## What you should do
Look below for the line with "- Area 3 : Embed" and the line with "用鲁大师又测了多遍,选取最高"; repeat exactly those two lines and all lines between them, but no pictures.

## Information
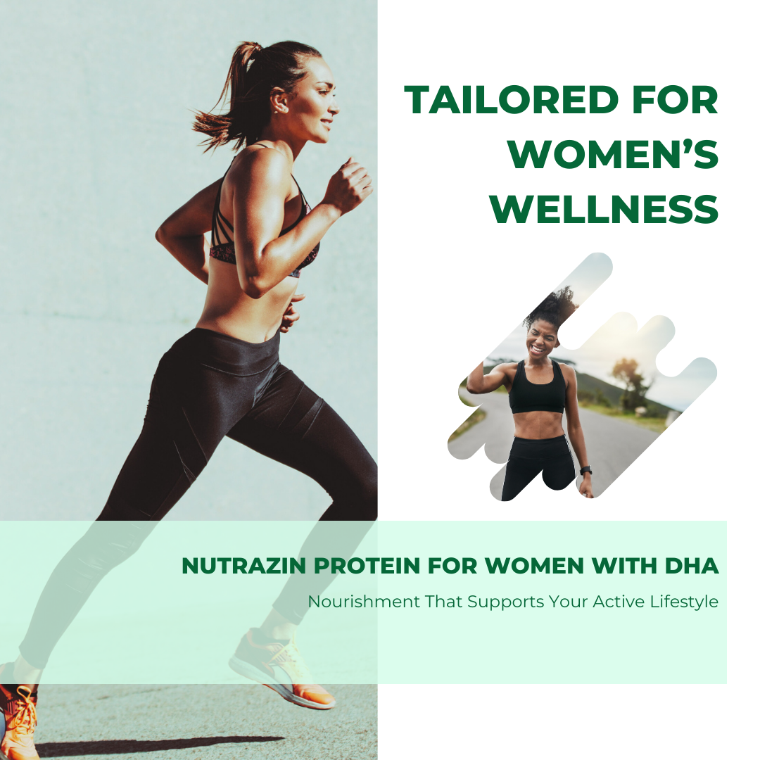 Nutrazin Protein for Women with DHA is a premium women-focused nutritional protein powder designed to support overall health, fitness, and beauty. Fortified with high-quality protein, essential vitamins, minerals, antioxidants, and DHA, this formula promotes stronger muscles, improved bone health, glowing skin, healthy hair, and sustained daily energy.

* * *

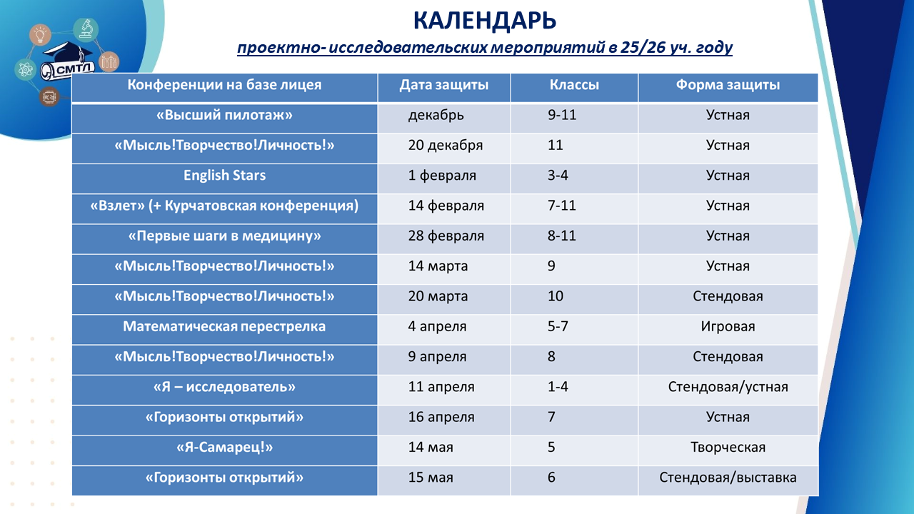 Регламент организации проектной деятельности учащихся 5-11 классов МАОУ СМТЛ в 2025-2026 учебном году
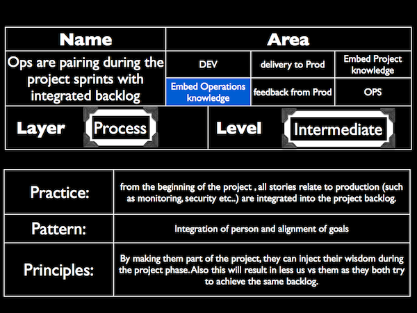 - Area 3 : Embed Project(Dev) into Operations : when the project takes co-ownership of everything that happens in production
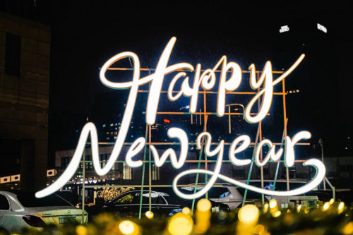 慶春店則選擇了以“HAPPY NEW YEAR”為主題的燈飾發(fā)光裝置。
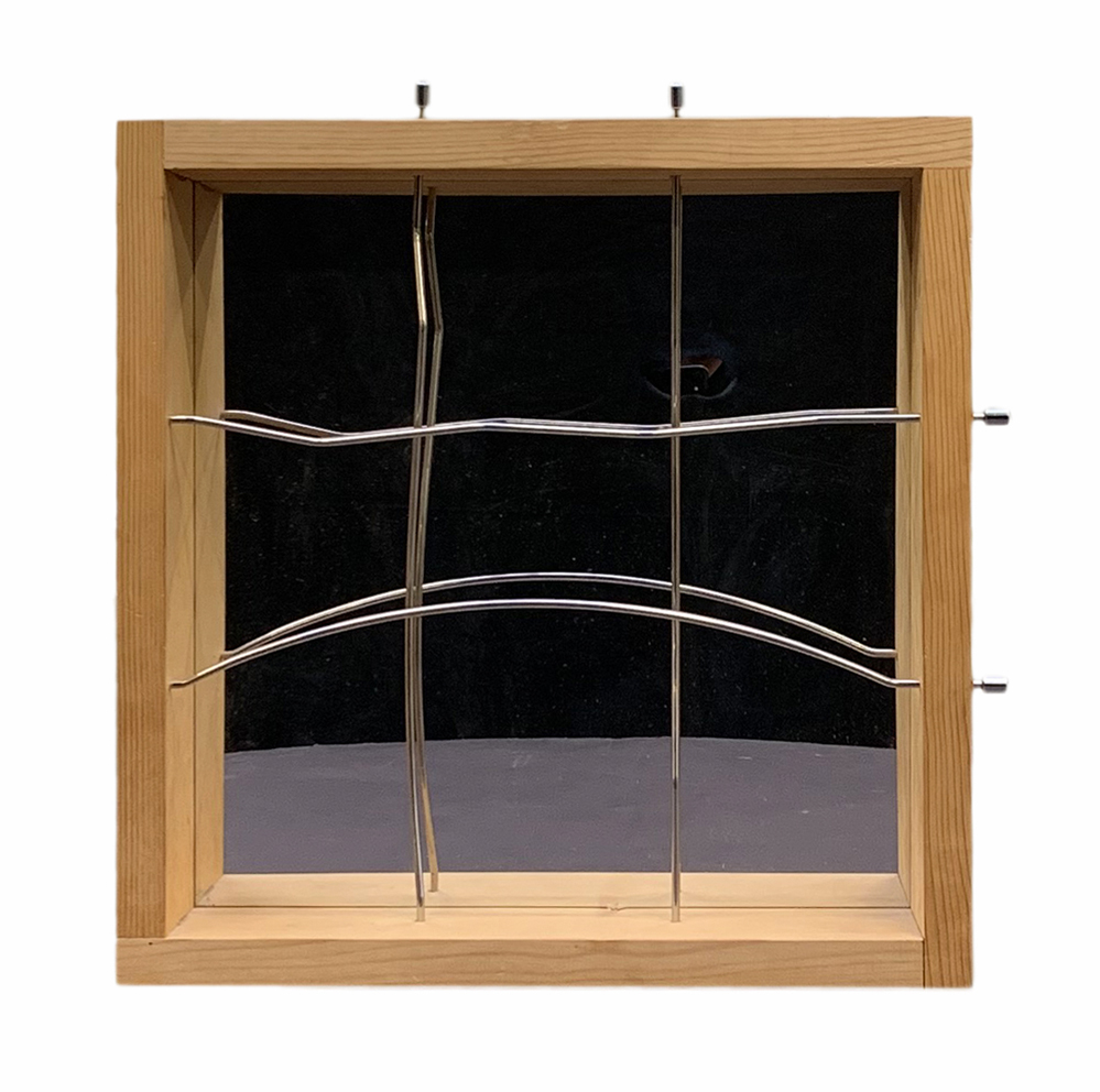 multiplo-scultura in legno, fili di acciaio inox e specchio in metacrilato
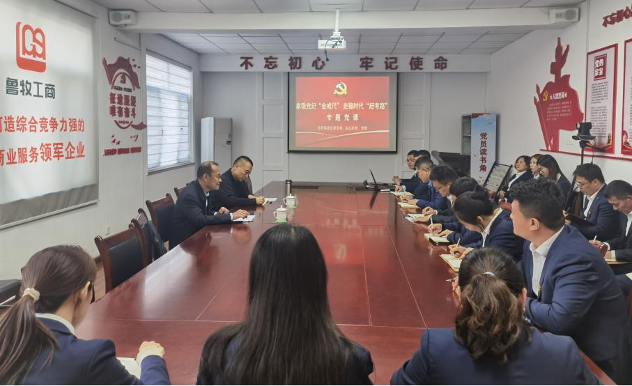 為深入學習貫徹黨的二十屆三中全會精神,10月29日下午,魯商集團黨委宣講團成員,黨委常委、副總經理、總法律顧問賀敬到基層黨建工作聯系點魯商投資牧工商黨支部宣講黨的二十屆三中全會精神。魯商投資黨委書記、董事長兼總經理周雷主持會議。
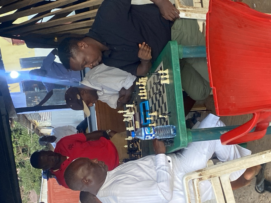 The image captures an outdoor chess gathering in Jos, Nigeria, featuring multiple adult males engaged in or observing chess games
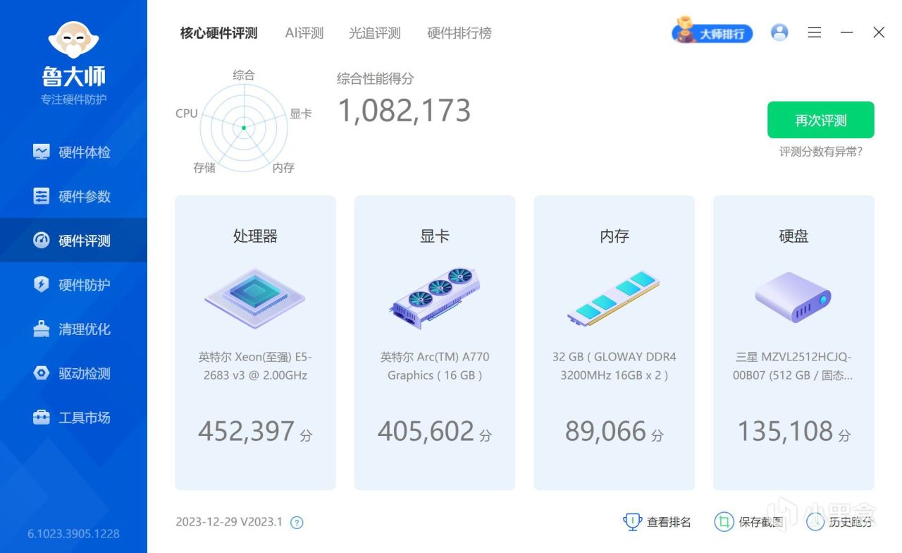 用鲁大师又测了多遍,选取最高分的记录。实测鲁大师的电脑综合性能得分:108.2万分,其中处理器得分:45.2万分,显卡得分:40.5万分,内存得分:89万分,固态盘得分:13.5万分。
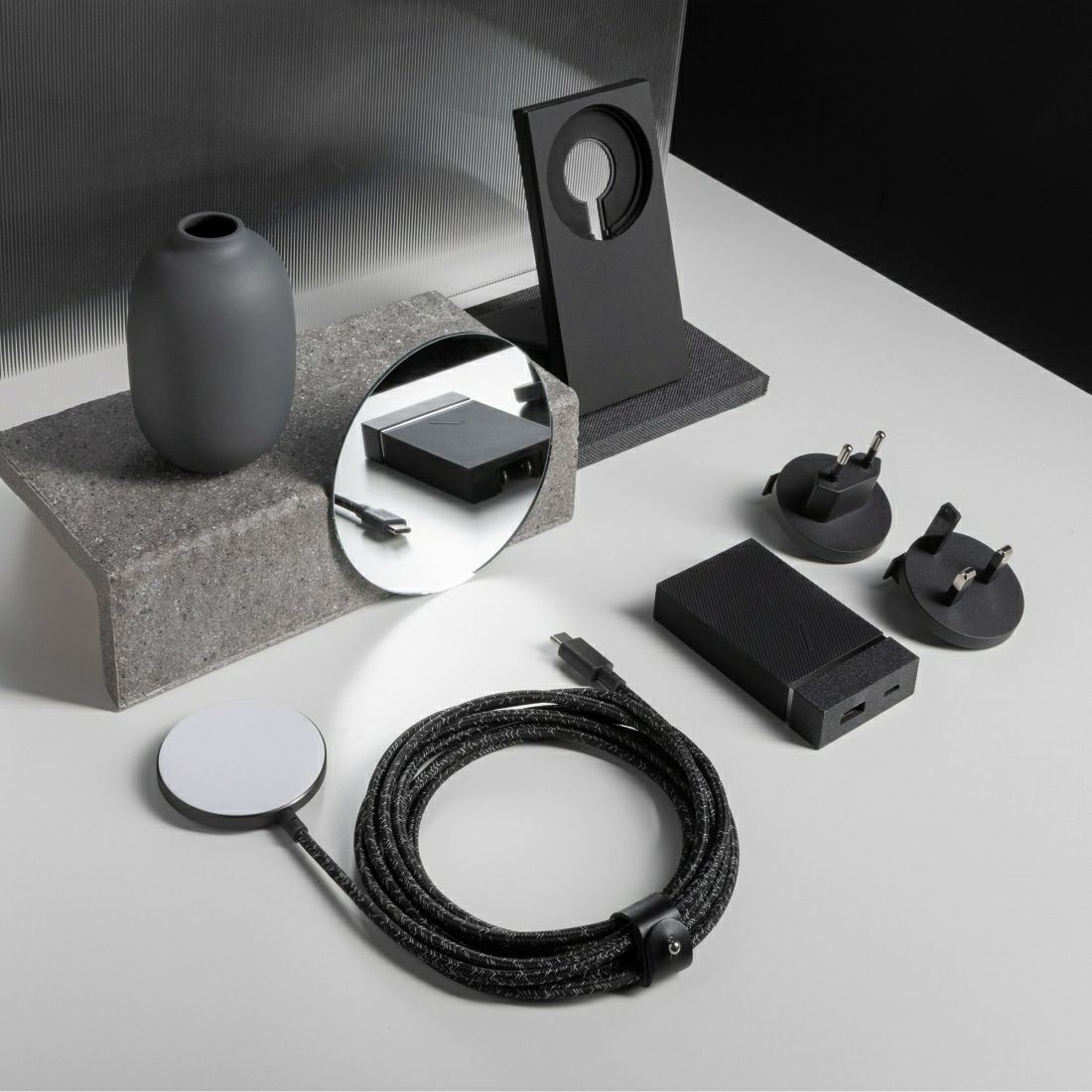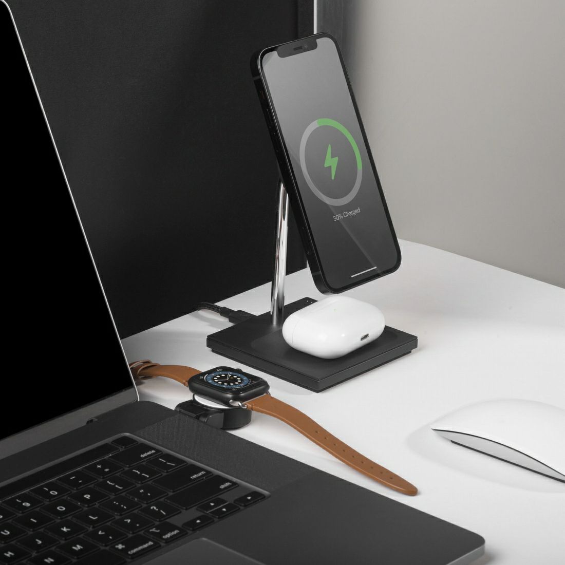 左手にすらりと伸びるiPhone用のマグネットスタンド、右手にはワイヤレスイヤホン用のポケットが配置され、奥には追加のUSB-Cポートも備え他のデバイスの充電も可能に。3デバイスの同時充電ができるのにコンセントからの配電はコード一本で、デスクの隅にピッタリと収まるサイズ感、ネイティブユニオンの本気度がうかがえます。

## Answer box
 - Area 3 : Embed Project(Dev) into Operations : when the project takes co-ownership of everything that happens in production
 慶春店則選擇了以“HAPPY NEW YEAR”為主題的燈飾發(fā)光裝置。
 multiplo-scultura in legno, fili di acciaio inox e specchio in metacrilato
 為深入學習貫徹黨的二十屆三中全會精神,10月29日下午,魯商集團黨委宣講團成員,黨委常委、副總經理、總法律顧問賀敬到基層黨建工作聯系點魯商投資牧工商黨支部宣講黨的二十屆三中全會精神。魯商投資黨委書記、董事長兼總經理周雷主持會議。
 The image captures an outdoor chess gathering in Jos, Nigeria, featuring multiple adult males engaged in or observing chess games
 用鲁大师又测了多遍,选取最高分的记录。实测鲁大师的电脑综合性能得分:108.2万分,其中处理器得分:45.2万分,显卡得分:40.5万分,内存得分:89万分,固态盘得分:13.5万分。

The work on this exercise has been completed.